2. How to be a family – The year I dragged my kids around the world to find a new way to be together by Dan Kois. I am a bit of a travel adventurer and this book spoke to me in more ways than one. So, I recommend it highly because we may all live in the same house but sometimes you and your family are hardly together. The author, a journalist and his lawyer wife suspended their day time jobs in Washington DC to spend four months each in New Zealand, Netherlands, Costa Rica and a small city in Kansas. This is practically a whole year of just travelling. This requires planning and saving. You can do two weeks not necessarily a whole year. Travel is Education and they returned from this trip better bonded than ever before as a family. His children were pre-teens and we all know how they can be. He got them to get to know neighbours and even help the community. He got them to understand terrains and transport by bicycle and while in Costa Rica, they learnt that there are mosquitoes and poor people. This you can even do in Nigeria or even in your village or a different village. The lessons, adventure and joy are the same.

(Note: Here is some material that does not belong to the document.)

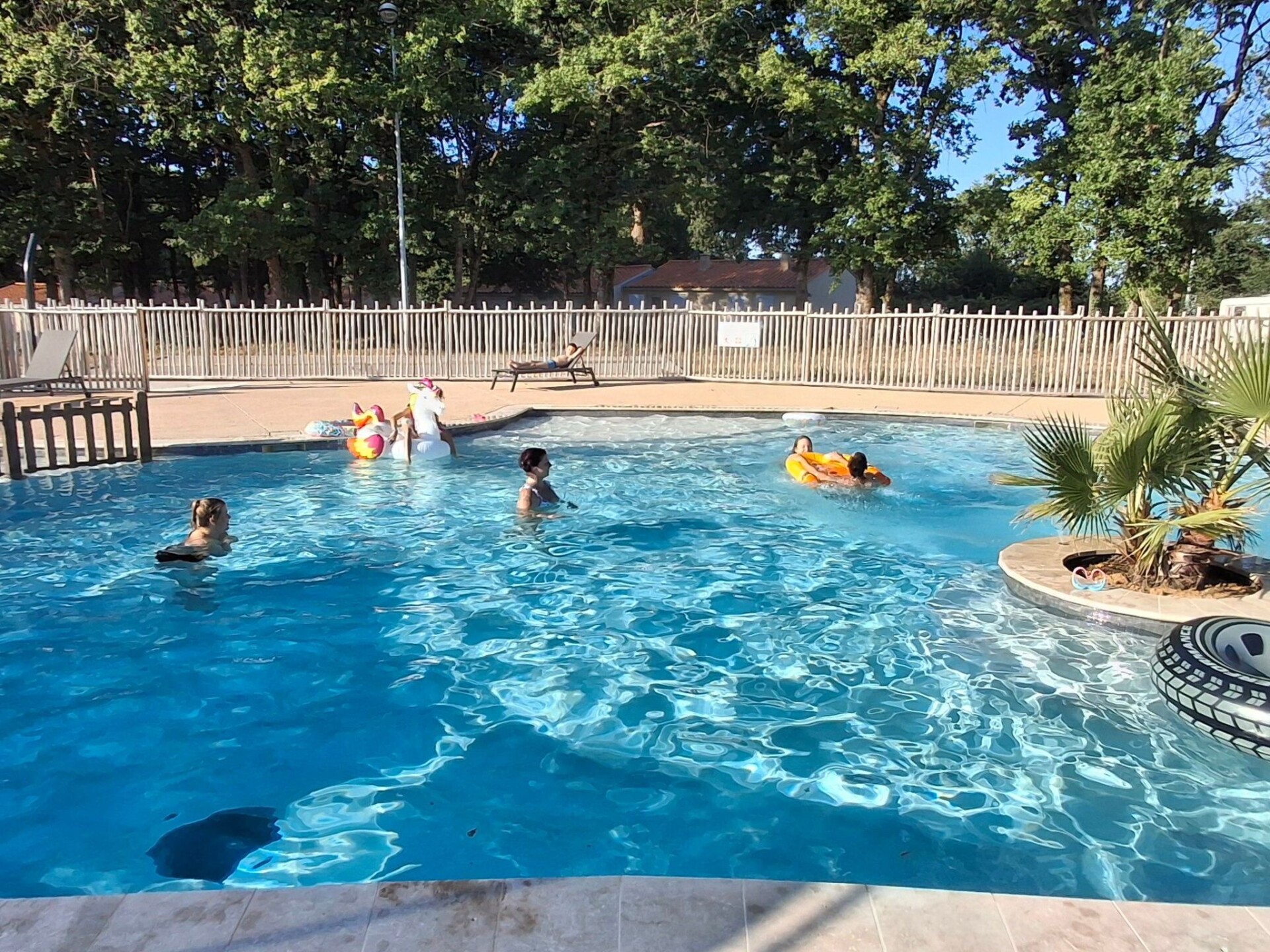 Maximaal 2 huisdieren/honden toegestaan. At Camping & Village Vacances Couleurs Vendée, 64² cottage with 3 bedrooms, 2 shower rooms and 2 terraces with forest views, in a quiet location close to everything (shops, puy du Fou, beach, etc.). Bedroom 1 with double bed 160/200, bedroom 2 with 2 beds 80/190, bedroom 3 with 2 bunk beds 80/180. Fully equipped kitchen, dishwasher, fridge-freezer, microwave... and crockery for 8 people. Garden furniture, parasol and outdoor sofas. Comfortable Italian shower. The spa pool is open in season (mid-June/mid-September, weather permitting). Snack bar/restaurant on site in the evening. Small farmers' market in the Holiday Village. Small events (welcome drink, aperitif, pétanque...)Campsite facilities: Petanque pitch, table tennis, large swimming pool with paddling pool, bouncy castle (weather permitting).Hiking trails from the Village Vacances, access to the centre of the village of Mareuil sur Lay in 20 minutes on foot.Ocean 30 minutes away, Puy du Fou 50 minutes, La Tranche sur Mer 30 minutes. 253000d02

3. How to plan a trip, the ultimate practical travel planning guide by Lia and Jeremy. This is an online resource that reads like a breeze in 25 minutes. Everyone should read this before they travel and get some good tips about how to manage all sorts of things associated with holiday travel.
4. When travelling, it’s always good to carry an interesting fiction book or non-fiction book that would keep you engaged through the journey and in those lazy times which everyone needs when you are just lazing under a tree. For me this holiday, it is ‘Love with a chance of drowning by Torre de Rocher.’ Here Torre’s love interest, a handsome Argentinian guy takes her across the pacific in spite of her fear of water. An incredibly beautiful book for travellers this season.

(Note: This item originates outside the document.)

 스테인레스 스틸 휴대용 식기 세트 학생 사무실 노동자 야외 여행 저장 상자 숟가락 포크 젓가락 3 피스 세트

5. For those who make budget plans for travelling outside the country, it is critical to pick up one or two travel guide books that have been around for a long time. But even if one travels within the country these guide books will sustain you through the travel including tips that can assist you, save you funds and keep you abreast of current trends. Some of my recommendations will be the ‘This is…’ series which describes some cities of the world and guides you through them, any travel guide book by National geographic which are always excellent, and Blue Guide books.
BONUS BOOKS: The Alchemist by Paulo Coelho, an award-winning book about a young shepherd in Santiago who journeys through life in search of his destiny.
Mudlark: In search of London’s past along the River Thames. Wonderfully written. Full of Adventure. Any Books by Abubakar Gimba. Full of mirth, wisdom and craft. Cooking Class-Global Feast. 44 recipes that celebrate the world’s cultures by Deanna Cook. This is the ultimate holiday book. A cookery book is always a bonus. This is when I experiment with food while relaxing. Cooking is always cathartic.
You must set forth at Dawn by Wole Soyinka. A book for all seasons, an autobiographical book by the Nobel laureate with language so elevating. Grab a copy.
Happy Holidays to all our wonderful readers and thank you for keeping us company this yuletide season.